ПОСЛЕМОЛВИЕ К «БЕСМОЛВИЮ»
(рецензия на книгу Андрея Костинского «Бесмолвие»)

На днях мне прислали очередной номер известного харьковского журнала «ЛАВА», который предваряло следующее вступление: «…началась и уже разворачивается, как туго уложенная в шкатулке истории пружина, какая-то новая эпоха в жизни, культуре, быте, наконец. Эти времена предлагают человеку нелёгкий выбор – остаться (хотя бы потенциально) творческой личностью, подобием Божьим, или опуститься, оказавшись бессильной и безнадежной частью охваченной паникой/ненавистью толпы.
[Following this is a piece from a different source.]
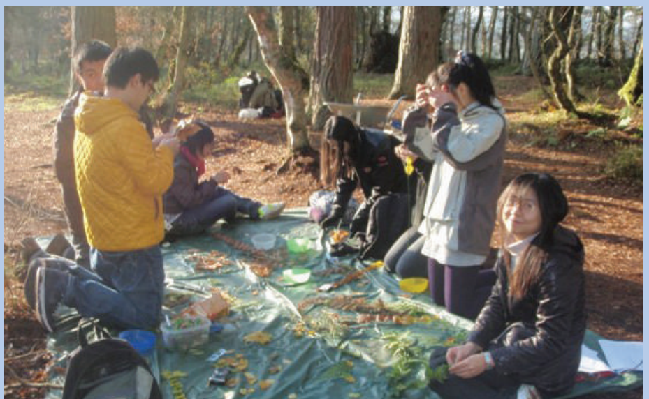
International student volunteers from Newcastle University

To see more visit rupertswood.co.uk/#/john-muir-award/4558096079

Но именно в такие годины исключительно важно вспомнить то лучшее, то (не убоимся этого слова) – заглавное, что сделало Харьковскую Цивилизацию общеевропейским и – скажем ещё шире – общемировым достоянием».

То же можно сказать и о Крымской Цивилизации, и о любом городе, в котором, несмотря ни на какие ужасы и истерию, продолжают жить и творить истинные личности – подобия (а то и конкуренты) Творца Небесного.

И каждый из нас думает о возможности снова спокойно дружить, сотрудничать, развиваться, мирно ездить друг другу в гости, на творческие фестивали. Харьковчане – издавна частые гости крымских фестивалей, в их журнале публикуются наши авторы (есть они и в последнем номере) и освящаются наши культурные события. То же можно сказать и о крымчанах – мы ездили в Харьков и ездить будем. Не далее как на сентябрь нынешнего года планируется в этом городе фестиваль авангардного искусства «АВАЛГАРД», на который приглашены крымские поэты и художники. Надеемся, это творческое путешествие будет для нас возможным.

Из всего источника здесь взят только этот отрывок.